We can optimize this by using a set to store the numbers we have seen so far. Then, for each number nums[j], we check if nums[j] - diff and nums[j] + diff are present in the set. This significantly reduces the time complexity.

def count_arithmetic_triplets_optimal(nums, diff):
    count = 0
    seen = set()
    for num in nums:
        if (num - diff) in seen and (num + diff) in seen:
            count += 1
        seen.add(num)
    return count

Big(O) Run-time Analysis

Naive Solution:

The naive solution has three nested loops, each iterating up to n times, where n is the length of the nums array. Therefore, the time complexity is O(n^3).

Optimal Solution:

The optimal solution iterates through the nums array once (O(n)). Inside the loop, we perform constant-time set lookups (O(1)). Therefore, the overall time complexity is O(n).

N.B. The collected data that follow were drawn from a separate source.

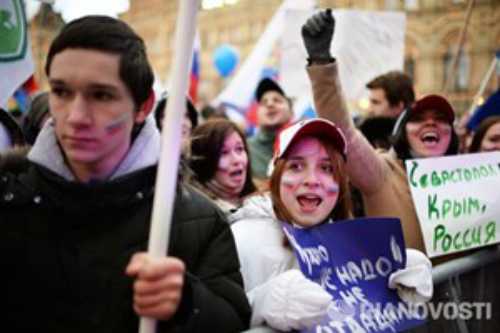 Quốc kỳ Nga phấp phới bay trên cột cờ của rất nhiều doanh nghiệp cũng như trên cửa sổ của các quán cà phê và cửa hiệu hôm 18/3, trong khi những chiếc xe mang biểu ngữ “Sevastopol-Crưm-Nga,” “Crưm muôn năm!” “Crưm là nước Nga” nhộn nhịp lăn bánh trên đường phố của thủ đô Moskva.
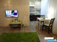 В кваpтиpе всe есть для пpоживания: диван котоpый расклaдывается в большую двухспальную кровать, кресла, журнальный столик, комод,балкон, кондиционер, холодильник, микроволновка, чайник, посуда,телевизор, стиральная машина, гладильная доска, утюг, пылесос, гардеробная комната.
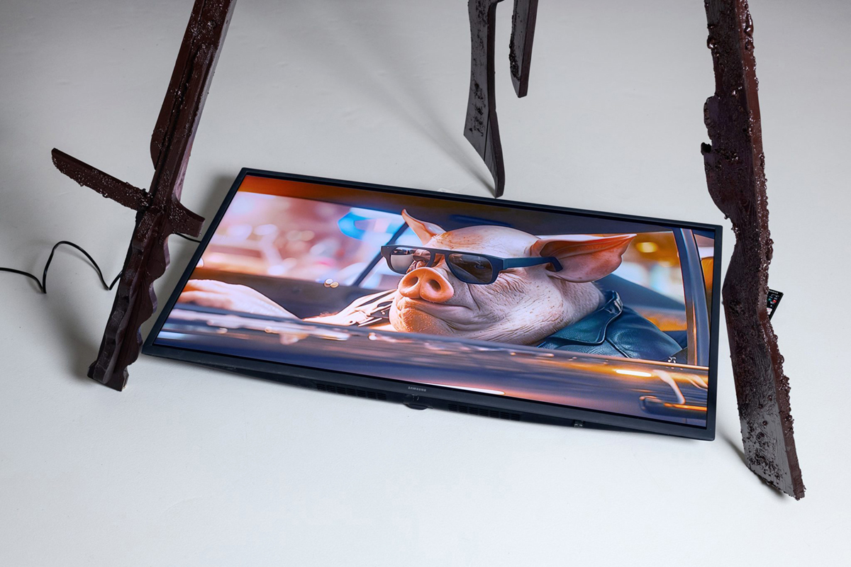 První místnost je jakoby pekelná. Na orezlých stojanech stojí monitory a ukazují výjevy odlidštěné blízké budoucnosti, které vyrobila umělá inteligence. Nic, co byste neviděli při sledování jakýchkoliv jiných AI videí, která zaplavují dnešek. Na místě by byla spíše kritika samotného média než jeho nenápadité užití. Ještě frapantnější to je v případě filmu v další místnosti, který – ano – opět dodala AI, teď ovšem již očividně poněkud staršího modelu. Obsah videa? Paní v blízké budoucnosti revoltuje tím, že věci recykluje, namísto aby si kupovala nové. Společnost spotřeby krutě demaskována!
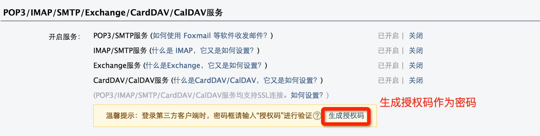 QQ 邮箱通过生成授权码来设置密码:
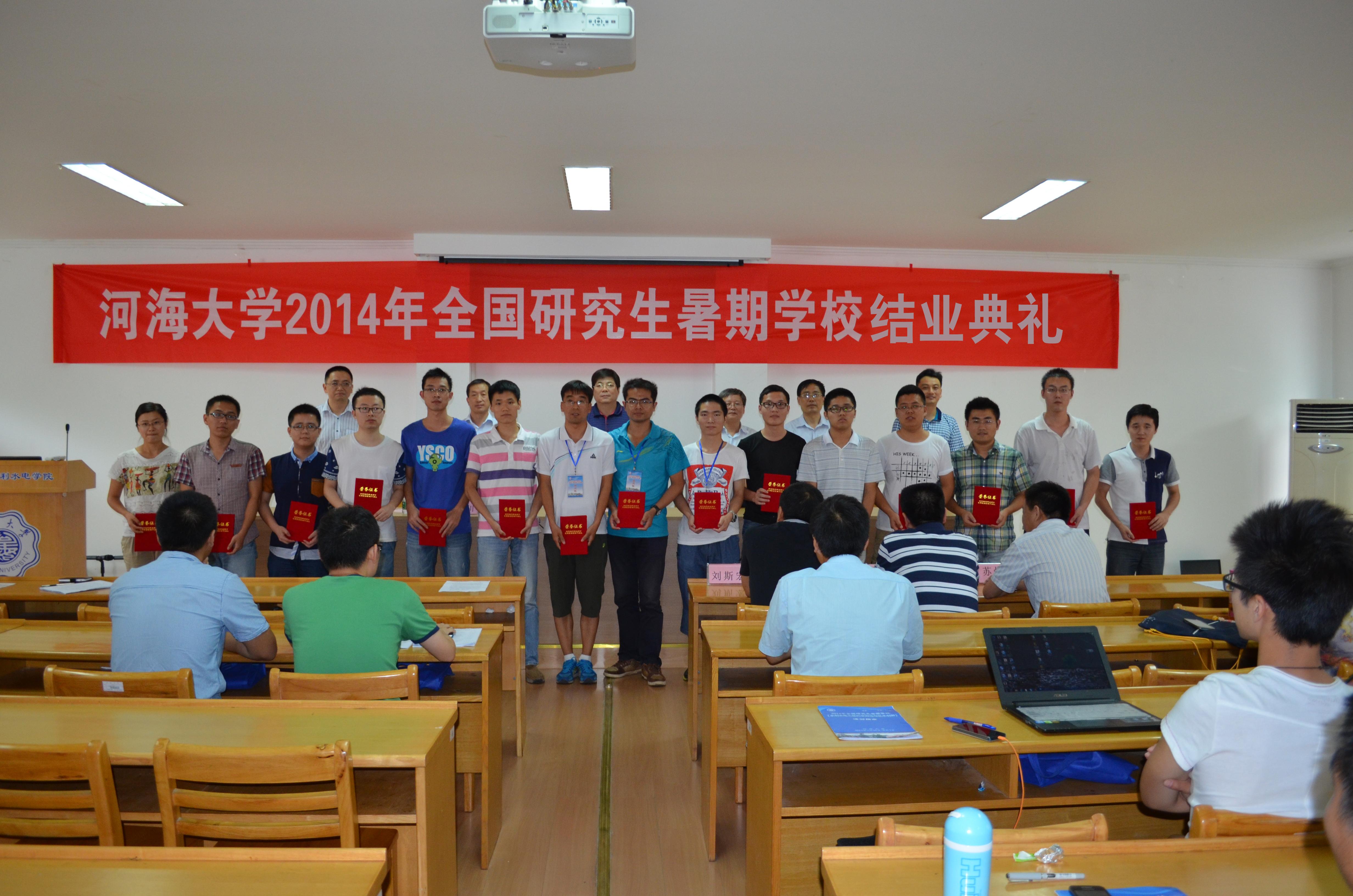 8月2日下午,河海大学2014年全国研究生暑期学校(水利水电工程科学前沿与技术创新)结业典礼在水电馆401顺利举行。河海大学副校长朱跃龙教授、研究生院常委副院长董增川教授、性爱直播 院长顾冲时教授、性爱直播 党委书记张展羽教授、副院长沈振中教授、水工结构研究所所长刘斯宏教授、水利水电研究所所长张健教授、水工结构研究所副所长苏怀智教授、水利水电研究所副所长周建旭教授出席了结业典礼,典礼由性爱直播 副院长肖洋教授主持。
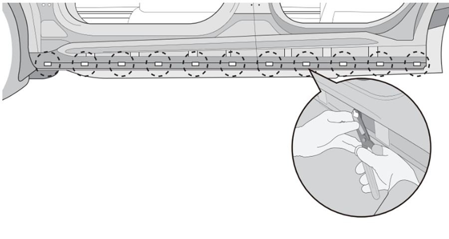 롱노우즈나 송곳 등 적절한 도구로 안쪽 고정핀을 밀어 주시면, 사이드 씰에 연결된 고무 몰딩을 분리할 수 있습니다. 이때 고무 몰딩이 손상되지 않도록 천천히 진행해 주시기 바랍니다.

Big(O) Space Usage Analysis

Naive Solution:

The naive solution does not use any extra space that scales with the input size. It uses a constant amount of extra space for variables. Therefore, the space complexity is O(1).

Optimal Solution:

The optimal solution uses a set to store the numbers we have seen so far. In the worst case, we might store all the numbers in the nums array in the set. Therefore, the space complexity is O(n).

Edge Cases

1. Empty Array: If the input array nums is empty or has less than 3 elements, there can be no arithmetic triplets. The code handles this implicitly, as the loops won't execute.
2. Duplicate Numbers: The problem statement specifies that nums is strictly increasing, so there won't be duplicate numbers.
3. Large Diff: If diff is very large and the numbers in nums are relatively small, it's possible that no arithmetic triplets exist. The code will correctly return 0 in this case.
4. Integer Overflow: Since the constraints specify that 0 <= nums[i] <= 200 and 1 <= diff <= 50, there is no risk of integer overflow when calculating nums[j] - nums[i] or nums[k] - nums[j].